---
Jinyoung tidak tahu kalau menjadi anak kembar itu harus sama persis dalam segala hal,
Ia juga tidak tahu kapan mulanya kedua orangtuanya menuntutnya untuk berkembang seperti kembarannya,
Dan berakhir membentangkan jarak untuknya,
Membiarkannya tumbuh tanpa asa dan kesepian,
Ia sudah mencoba agar bisa seimbang bahkan hingga berdarah-darah namun rasanya semua percuma,
Hasilnya tetap sama,
Ia tak berharga dimata mereka,
Hanya penghias dan tak bernilai lagi jika telah usang.**
"Nih, orange cakenya Jinyoung. Tumben banget kamu pesan cake ini."heran gadis manis penyuka kembang pada sahabat kentalnya yang tak biasanya memesan cake yang rasanya sedikit asam itu, pemuda bernama Jinyoung itu hanya tersenyum tipis lalu menggeleng, mulai menikmati orange cake yang begitu aneh dilidahnya namun tak ia hentikan. Jinyoung mencicipinya lagi-lagi, mencoba menikmati.
Tak
"Kamu kenapa sih, Na ? Aku kan lagi makan."Jinyoung mendelik tak suka pada sahabatnya yang kini menghela nafas pelan.
"Kamu yang kenapa ? Ada masalah ya cerita dong!"cecarnya membuat Jinyoung bungkam lalu menjauhkan cake pesanannya, tak berminat lagi untuk menghabiskannya. Hana menghela nafas panjang.
"Jinyoung... ?"
"Aku gagal lagi, Na. Cuma masuk 15 besar. Mereka pasti marah lagi sama aku."ujarnya hampa, Hana menyendu menggenggam jemari panjang nan kurus sahabatnya lembut seakan memberi kekuatan tambahan pada Jinyoung.

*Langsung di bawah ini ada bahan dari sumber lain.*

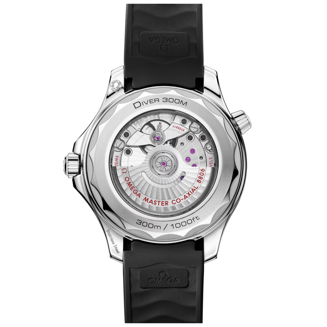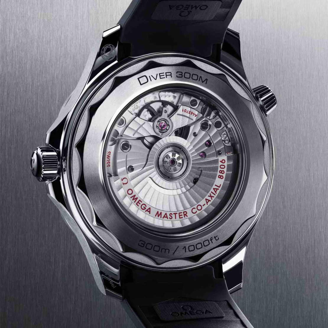 Am Handgelenk gehalten wird die Uhr von einem integrierten schwarzen Kautschukarmband mit Faltschließe, für den Antrieb sorgt das OMEGA Co-Axial Master Chronometer Kaliber 8806, das durch den Saphirglasboden bewundert werden kann.
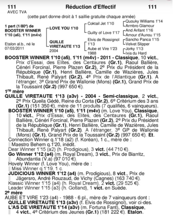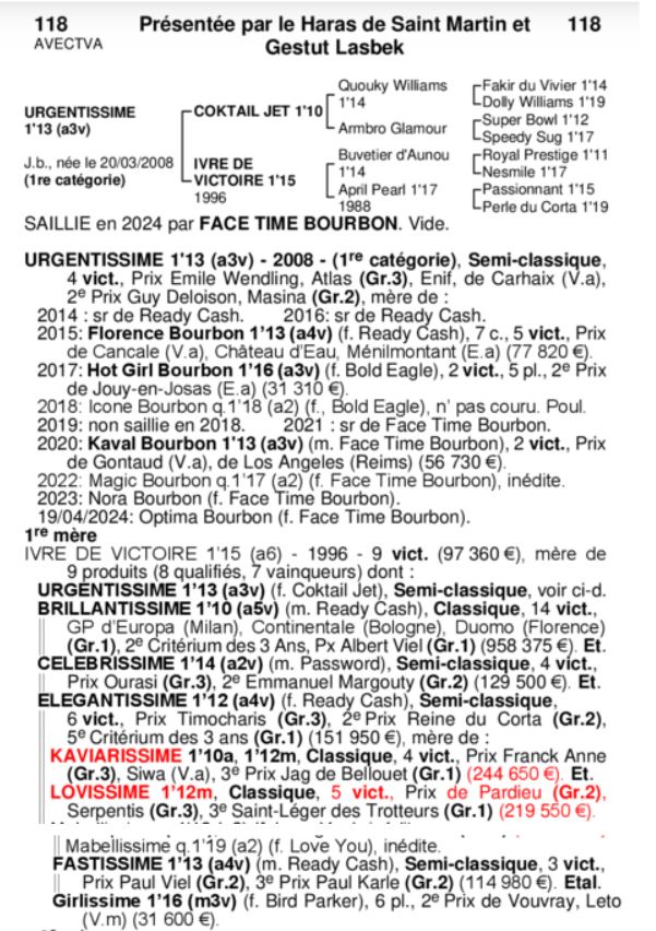Of those sold lot 118 Urgentissime (17f Coktail Jet-Ivre de Victorie) led the way ay 50,000€ to SAS Trotting Bloodstock, she open to a breeding to Face Time Bourbon. The other toppers were stallion shares to Horsy Dream and Booster Winner, with the pedigree pages as follows: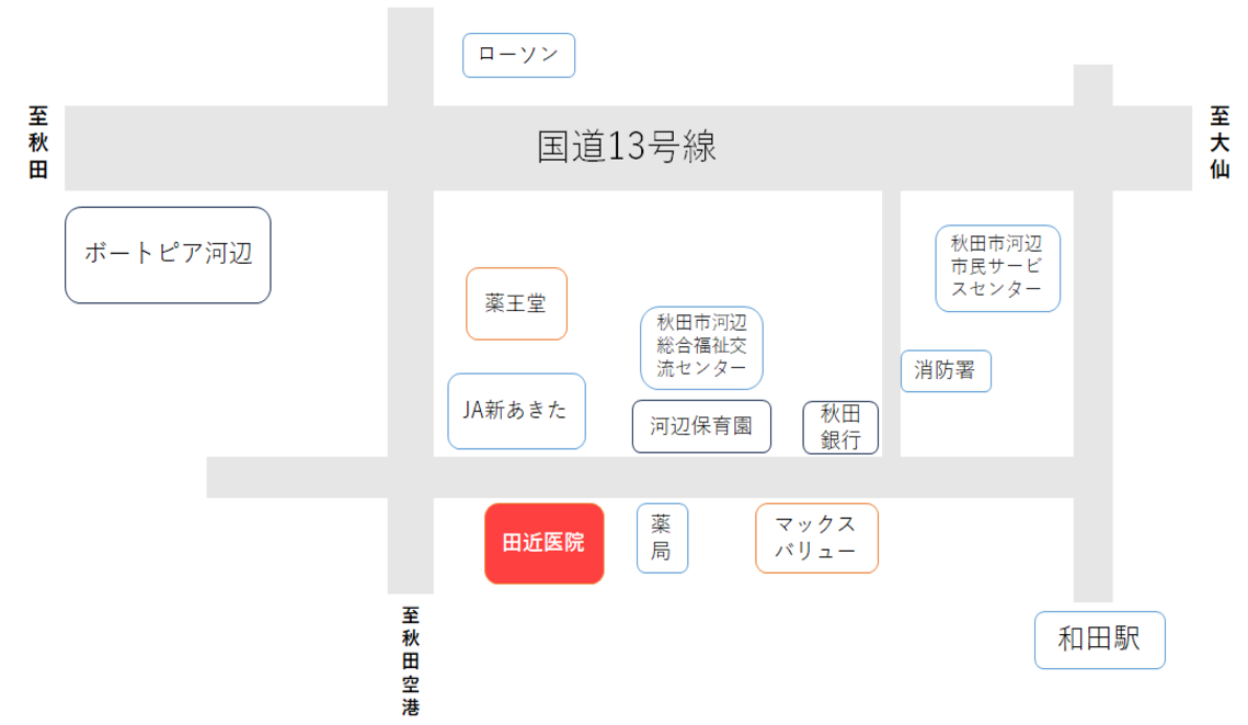 医療法人 田近医院〒019-2625 秋田県秋田市河辺北野田高屋字上前田表76の1TEL.018-882-3123FAX.018-882-2377Google マップを見る

"Kamu engga gagal, Jinyoung. Kamu hanya harus lebih optimal lagi belajarnya, nanti aku bantu ya."Jinyoung menatap Hana yang menatapnya dengan senyuman menenangkan, pemuda itu menggigit bibir dalamnya. Ditengah semua anggota keluarganya menekannya agar bisa seimbang dengan kembarannya, Hana selalu mendukungnya, mengangkatnya yang mulai terperosok ke lembah putus asa. Hanya gadis bermarga Jung yang tak pernah bosan mendampinginya terus rela menjadi sandarannya, Jinyoung bersyukur untuk itu.
"Makasih ya, Na..."ucapnya dengan setitik bulir yang mulai mengalir dipipinya, Hana masih mempertahankan senyumannya. Genggaman jemari lentiknya semakin menguat pada jemari sang sahabat membuat hati Jinyoung menghangat tiba-tiba.
"Anything for you, Jinyoung."
Keduanya saling melempar senyum, mereka saling menguatkan dan saling membuat janji dalam hati, akan saling mendampingi sampai akhir waktu nanti.
**
"Masih ingat punya rumah rupanya."
Jinyoung langsung menundukkan kepala kala sang ayah menatapnya datar bersama sang ibu yang bersidekap dada sembari menatapnya dingin.
"Darimana saja kamu ?"tanyanya lagi dengan nada menusuk membuat Jinyoung meremat kuat tali tas punggungnya, ia meneguk ludahnya kasar.
"Mampir ke kedainya bibi Haru, yah."ujarnya takut yang ditanggapi dengusan kompak kedua orang dewasa itu.
"Ck, yasudah masuk ke kamar. Mandi dan tidur. Lain kali jangan ulangi lagi, kami jengkel tahu, waktunya kami yang seharusnya dipakai untuk beristirahat malah terbuang karena menunggumu pulang."itu ibunya dengan nada tak senang begitu kentara, membuat rasa bersalah menumpuk didada Jinyoung.
"Maafin Jinyoung, bunda, ayah. Jinyoung janji tidak mengulanginya lagi."ucapnya penuh kesungguhan yang kini dibalas decihan pelan sang bunda, hatinya tercubit perih. Memandangi kedua punggung mereka yang kini beranjak menuju kamar dengan raut sendu. Lagi-lagi tanpa disengaja ia membuat kedua orangtuanya marah. Benar-benar bodoh.
"Hah..."
Menghela nafas panjang lalu berjalan gontai menuju kamar, ia lelah lahir bathin. Masuk kedalam kamar mandi, menyalakan keran dan memenuhi bathtube dengan air dingin dan busa sabun yang banyak lalu mencelubkan tubuhnya yang masih berpakaian lengkap, menangis tanpa suara dengan berbagai kata mengapa yang terus digumamkannya dalam gumpalan busa yang berlimpah.